Keywords: prefrontal, antisaccade, inhibition, dopamine, oculomotor

INTRODUCTION

Adolescence is associated with normative increases in novelty and sensation seeking (Dahl, 2004; Spear, 2000). These drives may have adaptive benefit as they may motivate youth to explore novel environments and engage in new social relationships, leading to the acquisition of skills and experiences critical in adulthood (Steinberg, 2004). However, these drives may also result in risky behavior (e.g. experimenting with drugs; unprotected sex), which can lead to aversive outcomes (e.g., substance abuse; unwanted pregnancy). Indeed, increased morbidity and mortality rates during the adolescent period are due largely to consequences of preventable risk taking (Eaton et al., 2012). Consequently, understanding why adolescents are prone to risk taking represents not only a major scientific but also a pressing public health objective.

Risk-taking may be viewed as arising from decision-making, particularly choices made in the context of heightened emotional arousal and/or salient incentives. Decision-making, in turn, consists of more basic elements, of which incentive (reward/loss) processing and inhibitory control are fundamental. From this perspective, examining the interaction of incentive processing and inhibitory control may provide insight on the basic mechanisms contributing to the complex behavioral phenomena of risky behavior. Increasingly, developmental neuroscientists suggest that adolescents may be more vulnerable to risk-taking because of limitations in the ability of prefrontal regulatory systems (prefrontal circuits) to effectively regulate heightened reward and loss signals (striatal circuits) (Casey, Jones, & Hare, 2008; Ernst, Pine, & Hardin, 2006; Geier & Luna, 2009). That is, while adolescents may engage similar circuitry as adults to correctly perform a cognitive task, the addition of rewarding or aversive (e.g., stressful) stimuli may alter brain activity and, by extension, the resulting behavior (Steinberg, 2008).
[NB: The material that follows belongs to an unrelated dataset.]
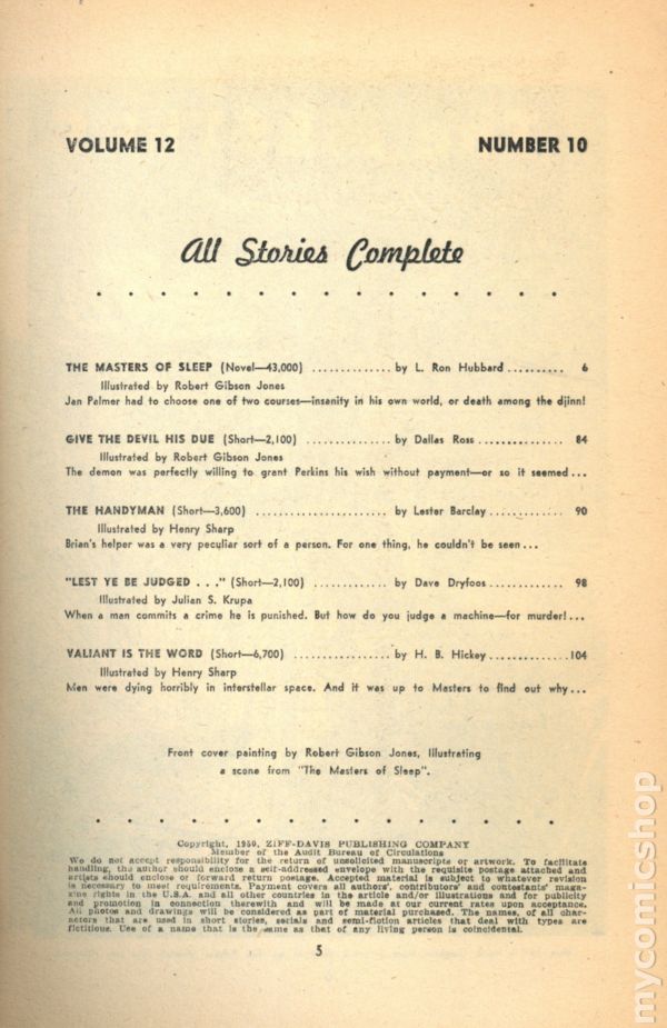 Volume 12, Issue 10 - October 1950. Cover by Robert Gibson Jones. Science Fiction and Adventures stories. This issue features "The Masters of Sleep!" by Lafayette Ronald Hubbard. Softcover Pulp, 7-in x 10-in, 132 Pages, B&W. Cover price $0.25.

Below, we review work from our laboratory investigating the neural bases of cognitive control and reward processing in adolescence. Our studies utilize the antisaccade (an eye-movement) task, a paradigm widely used in human and non-human primate studies to understand brain-behavior relationships, specifically inhibitory control (Munoz & Everling, 2004). We operationalize cognitive control as the ability to suppress attention to compelling yet goal-irrelevant stimuli in order to generate a planned response, though cognitive control may be more generally thought of as top-down control over task-relevant processes, or the ability to coordinate thoughts and actions toward realizing goals (Koechlin et al., 2003; MacDonald et al., 2000). During the antisaccade (AS) task, participants are told that a light will appear at an unexpected location on a computer screen and instructed to suppress the automatic urge to move their eyes towards the light, but instead generate an eye-movement to its mirror location. To investigate the relation between reward and inhibitory control, we modified the AS task by providing incentives based on task performance. As such, this simple task engages the relevant brain systems (importantly, prefrontal cortex and striatum) required for reward processing and cognitive control of behavior, which may inform our understanding of the development of circuitry underlying more complex behaviors like risk-taking.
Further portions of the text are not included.